Data shown:
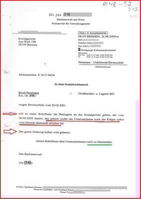 Schreiben von meinem Anwalt Dr. jur. dokumentiert, wir überprüften die Behörden u. Gerichtsakte und haben Prozessdelikt erkannt. Und ist mit dem Schreiben aus dem SG Bremen vom 01.09.2009 und 07.09.2009 bestätigt.
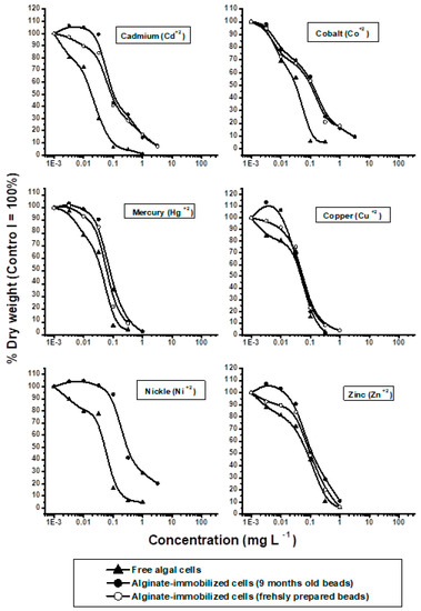 The metal ion showing the second greatest toxicity to the growth of P. subcapitata was Co2+. Even at the lowest concentrations, cobalt reduced algal growth, being significantly more toxic to free (EC50 = 0.03 mg L−1) than to immobilized (EC50 = 0.061 mg L−1) cells (p ≤ 0.001). Cobalt concentrations of 0.32 mg L−1 and 1.0 mg L−1 completely inhibited the growth of free and immobilized cells, respectively [28].
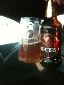 We turned our attention to the Bateman’s Victory Ale. This is a 6% bevvy brewed to commemorate the 200th anniversary of Nelson’s win at the Battle of Trafalgar (any excuse for a brewer). Now, Batemans is a brewer and pub owner founded in 1874. It is well regarded for its beer, and this looked promising with a very cloudy appearance with a very fruity aroma. The first mouthful was quite overwhelming. Very complex and plenty going on. In fact, there was too much going on and it was quite possible we’d found a beer that was a little too rich. We were kind of happy we only had one on board, because it was pretty tough going. Maybe being cramped up in golf convertible weren’t the ideal drinking conditions, but for mine, the clear winner was the Courage Directors.
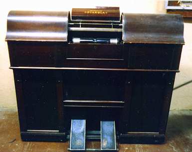 | The forerunner to the upright player piano, "the push-up" piano player was a separate mechanism and cabinet that was pushed up to piano keyboard. Wooden fingers would then strike downwards to play the piano keys. |

Problem statement: All of the data is to be returned exactly, with no pictures included.

Task output:
 Schreiben von meinem Anwalt Dr. jur. dokumentiert, wir überprüften die Behörden u. Gerichtsakte und haben Prozessdelikt erkannt. Und ist mit dem Schreiben aus dem SG Bremen vom 01.09.2009 und 07.09.2009 bestätigt.
 The metal ion showing the second greatest toxicity to the growth of P. subcapitata was Co2+. Even at the lowest concentrations, cobalt reduced algal growth, being significantly more toxic to free (EC50 = 0.03 mg L−1) than to immobilized (EC50 = 0.061 mg L−1) cells (p ≤ 0.001). Cobalt concentrations of 0.32 mg L−1 and 1.0 mg L−1 completely inhibited the growth of free and immobilized cells, respectively [28].
 We turned our attention to the Bateman’s Victory Ale. This is a 6% bevvy brewed to commemorate the 200th anniversary of Nelson’s win at the Battle of Trafalgar (any excuse for a brewer). Now, Batemans is a brewer and pub owner founded in 1874. It is well regarded for its beer, and this looked promising with a very cloudy appearance with a very fruity aroma. The first mouthful was quite overwhelming. Very complex and plenty going on. In fact, there was too much going on and it was quite possible we’d found a beer that was a little too rich. We were kind of happy we only had one on board, because it was pretty tough going. Maybe being cramped up in golf convertible weren’t the ideal drinking conditions, but for mine, the clear winner was the Courage Directors.
 | The forerunner to the upright player piano, "the push-up" piano player was a separate mechanism and cabinet that was pushed up to piano keyboard. Wooden fingers would then strike downwards to play the piano keys. |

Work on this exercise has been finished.